■ **Recorded data**:
* * * * * * * * *

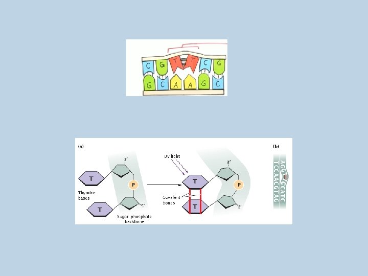 Mutación Inducida por daños del ADN Efectos de la Luz UV sobre el ADN La LUV al impactar las cadenas de ADN, provocan el rompimiento de un doble enlace Carbono-Carbono en la timina y si ésta se encuentra a la par de otra timina, sucederá lo mismo con ésta; por lo tanto entre las dos timinas se establecen enlaces covalentes, formando dímeros de timina, lo que afecta la replicación y transcripción del ADN.
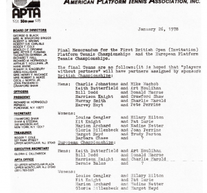 An invitation International Tournament under the joint auspices of the International Platform Tennis Association and the BPTA, to be held at Silvermere Country Club, Redhill Road, Cobham, Surrey. Sponsored by Racquet Sports International Limited. Teams from the United States, Holland and the United Kingdom.
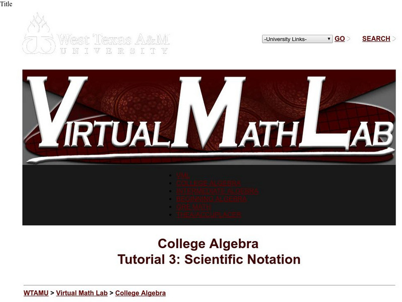 Wtamu Virtual Math Lab: College Algebra: Scientific Notation
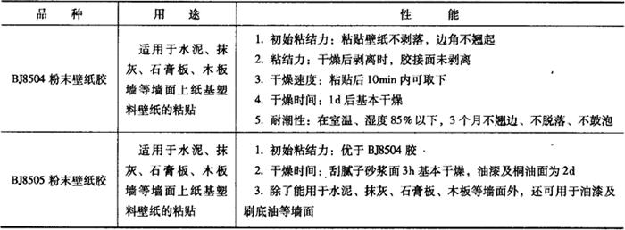6.粉末壁纸胶 粉末壁纸胶也是一种壁纸专用胶粘剂,这类胶粘结力好,干燥速度快。壁纸在刚粘贴后不剥落,边角不翘起,常温下一天基本干燥,干燥后粘结牢固。剥离试验时,胶接面粘结良好,室内湿度在85%以下时,经过三个月不翘边、不脱落、不鼓泡。 粉末壁纸胶适用于水泥、抹灰、石膏板、木板墙等墙面上粘贴塑料壁纸。粉末壁纸胶分为BJ8504粉末壁纸胶和BJ8505粉末壁纸胶两种,两者的性能虽然有所区别,但其用途基本相同。 粉末壁纸胶的品种、用途和性能,如表19-14所示。 表19-14 粉末壁纸胶的品种、用途和性能
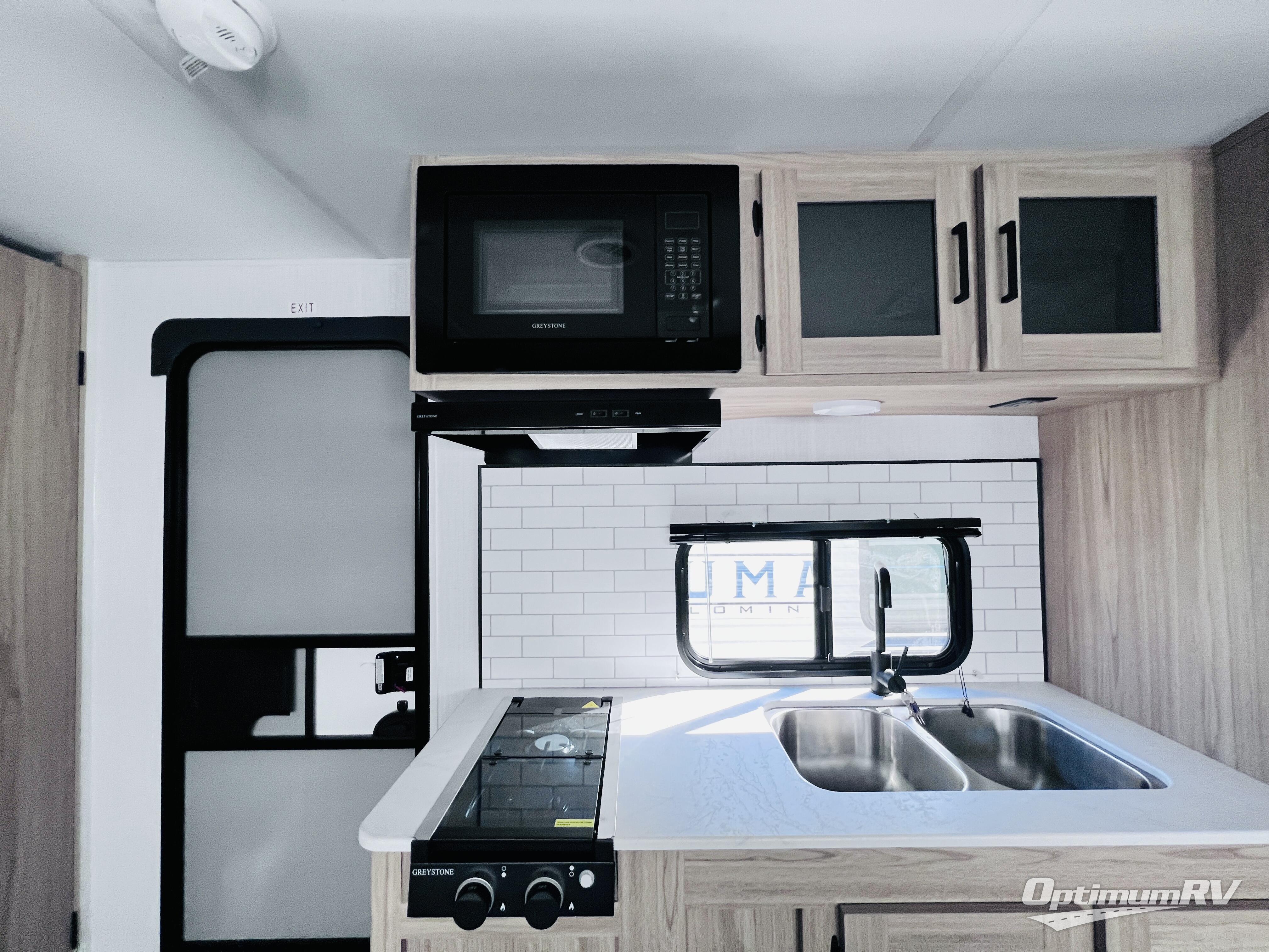The littles ones will love camping in this travel trailer since there is a rear private bunkhouse with four bunks, a wardrobe, plus shelves to keep their things tidy. A full kitchen, complete with a cooktop, microwave, and 12V refrigerator will let you cook and store food, and a booth dinette provides a place to dine together. There is also a sofa where you can relax in the evenings if you're not outdoors under the 17' power awning. And when it's time to call it a night, you can head to the front private bedroom for a great night's rest on the queen bed!

* * * * * * * * *

■ **YOUR INSTRUCTIONS**: Return every record exactly, without the pictures.

■ **EXERCISE OUTPUT**:
 Mutación Inducida por daños del ADN Efectos de la Luz UV sobre el ADN La LUV al impactar las cadenas de ADN, provocan el rompimiento de un doble enlace Carbono-Carbono en la timina y si ésta se encuentra a la par de otra timina, sucederá lo mismo con ésta; por lo tanto entre las dos timinas se establecen enlaces covalentes, formando dímeros de timina, lo que afecta la replicación y transcripción del ADN.
 An invitation International Tournament under the joint auspices of the International Platform Tennis Association and the BPTA, to be held at Silvermere Country Club, Redhill Road, Cobham, Surrey. Sponsored by Racquet Sports International Limited. Teams from the United States, Holland and the United Kingdom.
 Wtamu Virtual Math Lab: College Algebra: Scientific Notation
6.粉末壁纸胶 粉末壁纸胶也是一种壁纸专用胶粘剂,这类胶粘结力好,干燥速度快。壁纸在刚粘贴后不剥落,边角不翘起,常温下一天基本干燥,干燥后粘结牢固。剥离试验时,胶接面粘结良好,室内湿度在85%以下时,经过三个月不翘边、不脱落、不鼓泡。 粉末壁纸胶适用于水泥、抹灰、石膏板、木板墙等墙面上粘贴塑料壁纸。粉末壁纸胶分为BJ8504粉末壁纸胶和BJ8505粉末壁纸胶两种,两者的性能虽然有所区别,但其用途基本相同。 粉末壁纸胶的品种、用途和性能,如表19-14所示。 表19-14 粉末壁纸胶的品种、用途和性能
The littles ones will love camping in this travel trailer since there is a rear private bunkhouse with four bunks, a wardrobe, plus shelves to keep their things tidy. A full kitchen, complete with a cooktop, microwave, and 12V refrigerator will let you cook and store food, and a booth dinette provides a place to dine together. There is also a sofa where you can relax in the evenings if you're not outdoors under the 17' power awning. And when it's time to call it a night, you can head to the front private bedroom for a great night's rest on the queen bed!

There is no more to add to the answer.